What part of the public sector do you work and do really not consider people who work in this sector to be very lucky in general with the security of their jobs.


What kind of off the point remark is that? I was talking about the impossibility of working out an average salary for an area as wide and varied as the public sector. I did not, at any stage, say that people in the public sector were not lucky to have job security. That does not mean, however, that the people at the very bottom, on low salaries, should be asked to take a week's unpaid holiday because if you add everyone's salary together and work out the average it comes to a reasonable wage.

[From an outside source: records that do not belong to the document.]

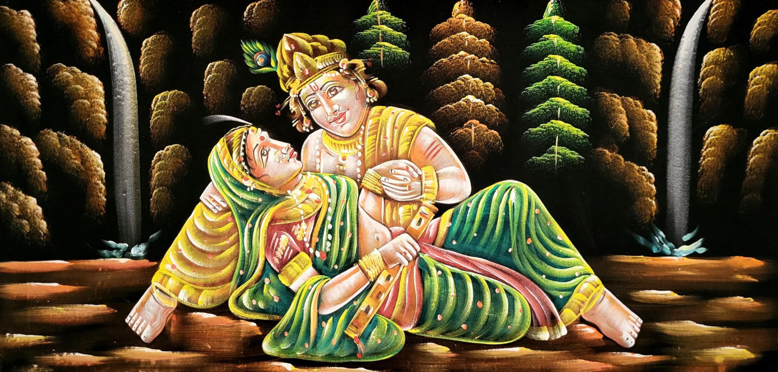 Immerse yourself in the divine love story of Radha and Krishna with our exquisite handmade painting. Capturing the enchanting Ras Leela, this artwork portrays the eternal dance of love between the soul and the divine. Radha's devotion and Krishna's playful flute melodies come alive on the canvas, inviting you to experience their timeless bond. The detailed calligraphy in the background adds an authentic touch, showcasing ancient Indian script that enhances the overall spiritual significance of the piece. The use of bold colors and meticulous detailing highlights the artist's exceptional skill and dedication to preserving traditional Indian art forms. The velvet canvas provides a rich, textured backdrop that enhances the vibrant colors and intricate details, making the artwork truly stand out. Ideal for spiritual seekers, art collectors, and anyone with an appreciation for traditional Indian art, this piece will add a touch of mystical elegance and cultural depth to any space. Display it in your meditation room, living area, or personal sanctuary to evoke a sense of spiritual introspection and cultural richness. Features: Handmade painting on luxurious velvet Intricate symbols and calligraphy Vivid, lasting colors on a rich, textured backdrop A unique blend of spiritual and cultural elements Ideal for private collections, home decor, and spiritual spaces Dimensions: 122x60 cm Materials: Velvet fabric, natural pigments, traditional painting tools Care Instructions: To maintain the beauty and integrity of this velvet painting, avoid exposure to direct sunlight and moisture. Handle with care and clean gently with a soft, dry cloth. Add this exquisite Velvet painting to your collection today and celebrate the timeless beauty of Indian traditional art!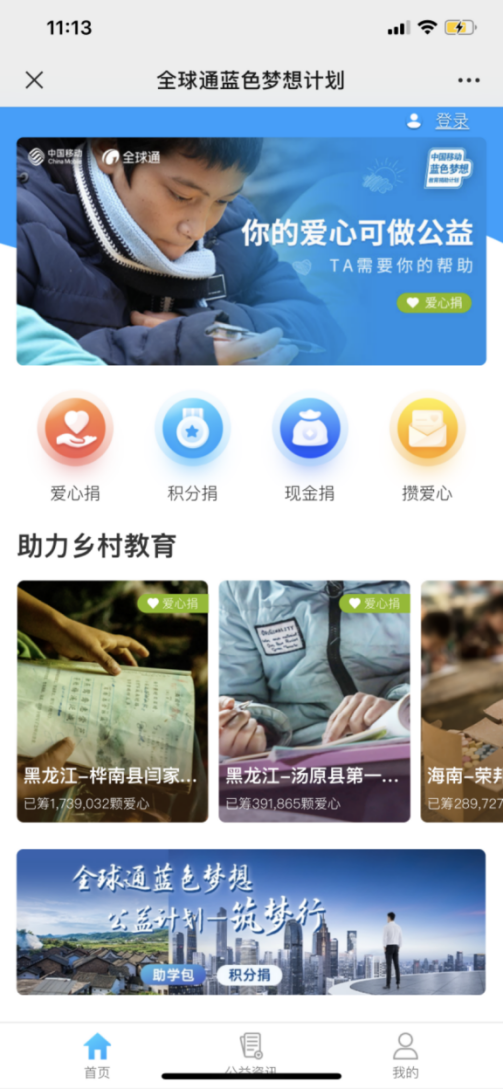“你行动 我来捐”作为“全球通蓝色梦想公益计划”的核心理念。即日起,大家可登录中国移动APP进入全球通蓝色梦想公益专区,通过捐出爱心捐、积分捐和现金捐的形式,让爱从指间起飞,跨越山海,为偏远地区的孩子们送去沉甸甸的关爱。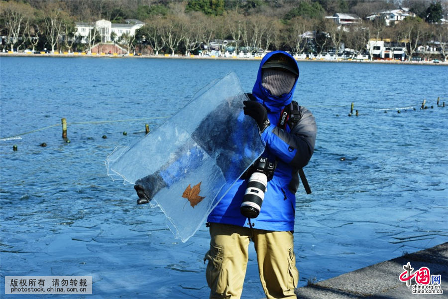 2016年1月25日,浙江省杭州市,游客在展示杭州西湖水面的冰块。中国网图片库 龙巍/摄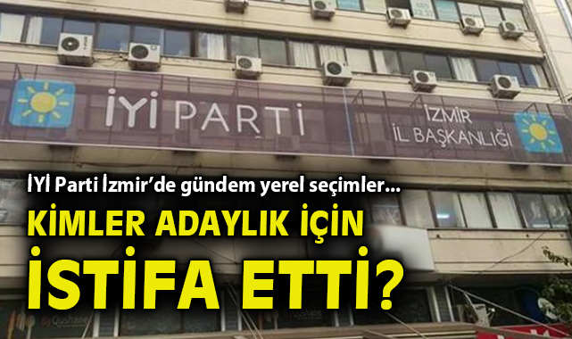 İYİ Parti İzmir İl Başkanı Sinan Bezircilioğlu, Bayraklı İlçe Başkanı Erdinç Çobanoğlu, Tire İlçe Başkanı Yüksel Şenyurt, Narlıdere İlçe Başkanı Feza Genişoğlu, Ödemiş İlçe Başkanı Güven Kılıç ve Bayındır İlçe Başkanı İlçe İbrahim Gedik’in istifa ettiğini açıkladı.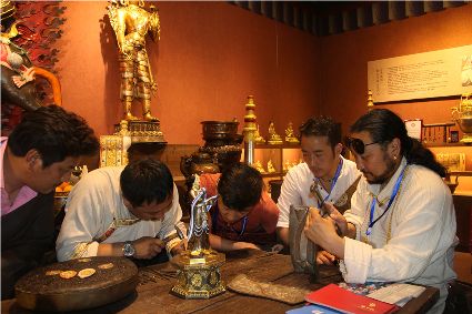 本屆非遺節(jié)期間,我州特色展館向游客展示了格薩爾彩繪石刻、藏族金屬鍛造技藝、藏文書法、噶瑪嘎孜畫派唐卡、阿西土陶燒制技藝、藏族牛羊毛編織技藝,南派藏醫(yī)藥等國家級、省級非遺項(xiàng)目。在歷時(shí)9天的活動(dòng)中,我州的非物質(zhì)文化遺產(chǎn)傳承人帶來了數(shù)百件非遺手工藝精品。大量的手工藝商品聚集展館的展示區(qū),供參觀者挑選,有些非遺傳承人還在現(xiàn)場為顧客現(xiàn)場制作作品,向廣大參觀者展示了民族手工藝的制作流程。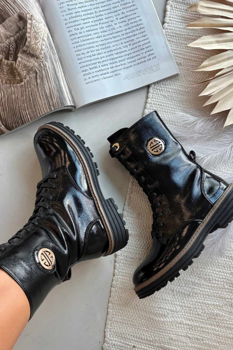 Лаковані жіночі робочі чоботи з золотим деталлю утеплені чорні Dorialine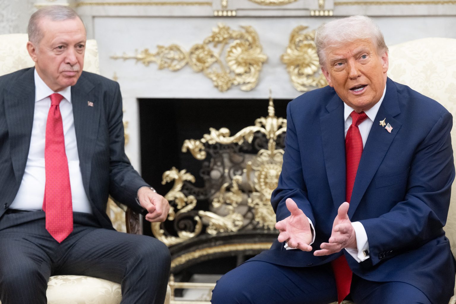 Ο Ερντογάν έφτασε στην Ουάσινγκτον με μια «βαριά» λίστα αγορών και αιτημάτων. Ο Τραμπ, γνωστός για την προθυμία του να συζητά «business» και να αφήνει στην άκρη «τυπικότητες» όπως οι αντιρρήσεις του Κογκρέσου, τον υποδέχθηκε θερμά. Ακόμη και η καρφίτσα στο πέτο του –ένα F-35 δίπλα στην αμερικανική σημαία– έστειλε το μήνυμα.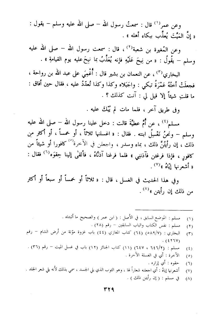 مسلم (¬4)، عن أُمَّ عطيَّةَ قالت: دخل علينا رسول الله - صلى الله عليه وسلم - ونحنُ نَغسِلُ ابنته. فقال:! اغسلنها ثلاثًا، أو خمسًا، أو أكثر من ذلك، إن رأيتُنَّ ذلك، بماء وسدر، واجعلن في الآخرة (¬5) كافورا أو شيئًا من كافورٍ، فإذا فرغتن فآذننِي! فلما فرغنا آذنَّاهُ، فألقى إلينا حِقوَه (¬6) فقال: "أشعرنها إيَّاهُ" (¬7).

That would be like adding up the salaries of everyone who works in a hospital, from the top consultant down to the person who mops the canteen floor, saying the average works out at blah and therefore all hospital workers are on great salaries and should take a pay cut. Its a lazy and inaccurate way of doing the figures.
 


So you didn't get a job in the public sector because other people, who competed fairly and squarely with you for the jobs, were deemed better. and therefore got a better paid job than you What's so wrong about that? I applied for some jobs in the private sector, they were given to stronger candidtates and I settled for a less well paid job in the public sector. That's life.